Tschai's accessory store was doing so well that she was able to support her family. She was also able to finance her three children with tuition fees, their seasonal clothing, and their pocket money. I had been idling away all along, doing nothing to fill the house coffer. I had been thinking aloud that I had been working also hard but Ihad not been able to make my voice heard and myself known. And Tschai had not been in a position to police her husband's thoughts. In appearance, I had been goofing off to her annoyance. Voices were raised frequently; Yells were routinely shared; Fingers were pointed at each other from time to time; The mention of a taboo word, which could be defined and listed in the Civil Court, was made on and off.

After my "goofing off" for the whole year of 1983 and failing in the first one exam of the two- time- chance Judicial Examination, Brother Ilseo wired 1,000,000 won to me Dano, with a recommendation that me Dano move to a quieter place other than my apartment room. Tschai and me decided to accept his kind proposal. Tschai called a taxi to their Dogok Apartment Complex the next day. It was drizzling. The early morning traffic on the drizzling Seoul-Busan Expressway was light.

I once thought big on a great national road of Seoul-Busan Highway, but at a certain point when the taxi swerved to a two-lane provincial road leading to Yongin, Gyeonggi-do, I had second thoughts on the challenge to a judicial post of court judge or something. The realm of language was regarded as supreme, real supreme. Make it or not, the exam would be final, I decided, looking out the car window from the passenger seat at the greenery of early spring passing by.

They were on hand out there to greet me and help me remove the package. My appearance made it more apparent that I turned out an "odd man out" case. That is, I was much too old for the scene to quit it. The landlady of the koshiwon, a lodging house built for the candidates who were preparing themselves for the exams for higher government posts, was an apparent divorcee in her early fifties who were thrown out of resources, desperate to help herself. The monitor, or the captain of the lodgers, guided me to their den of 20 tin-roofed compartments separated by a shallow side corridor. The monitor, who seemed to be in his late twenties, allotted me Room No. 16.

The previous host was just leaving the room as me stepped into the boarding house. A vague impression then was that he had been upset by something or offended by someone else. A more exact impression was that he got distracted by what the lodger himself could not pinpoint. I was wondering what drove him so nervous that he would have to leave the place in a hurry. Entering, I found the room so tightly spaced that a boarder would be able to lie down and set up a desk and a table on the rest of the room space.

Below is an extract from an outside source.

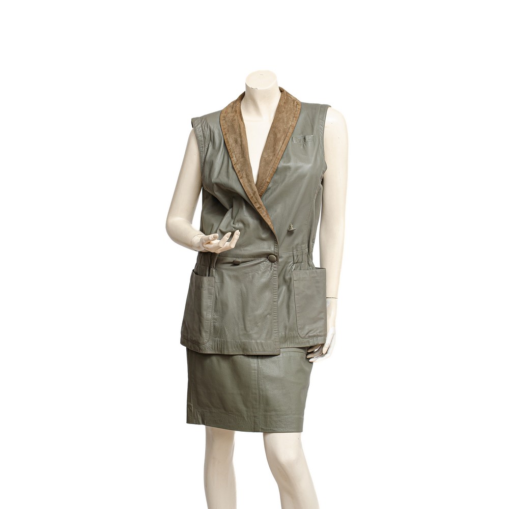 Completo in pelle e camoscio color verde salvia composto da gilet monopetto, collo lievemente sciallato, due tasche frontali, piccola tasca sulla spalla, elastico alla vita; gonna corta al ginocchio taglio retto. Etichetta di produzione.

Stepping out, after unpacking, arranging and setting done with the books and miscellaneous things, I found out that a group of young boarders assembled around a wooden parallel bar outside the boarding settlement. Point of their talks was that they were having restless nights and that they couldn't concentrate on their study, with the sign of which vividly played on the bloodshot and blurry eyes while they didn't exactly say what had caused their insomnia or something. Room 16 lodger had just left with the other two colleague lodgers.

One of the young lodgers came up with a suggestion that he help me do the sights of the periphery. The Jeong Won Sa Temple was a misnomer because the Buddhist shrine was not like a serious temple but rather like amja, a Buddhist hermitage cell. Walking steep uphill, I discovered that both sides of the hilly road leading to the cell were lined with rocks and decked in weird wild flowers. There was a pond below the cell yard in which there were various kinds of fish swimming. "Everything on the periphery has the monk's touch! He has a hand for beauty," he marveled.

A bell was tolled for lunch. The boarders got out of their den and came down the stairs for the dining hall which was a wooden house unit separated from the koshiwon in which a baap azumma, or a lady cook in her early fifties lived with a young daughter. The young aspiring diners entered the hall shuffling along in their slippers and seated themselves around a long wooden table on the ondol room floor with their legs folded Korean fashion. 'Special' food spread was laid out by the hostess who introduced me to the other guests. The azumma suggested offhandedly to the diners that I be seated at the head table in one of the two opposite seats to which the folks in the room expressed consent with claps.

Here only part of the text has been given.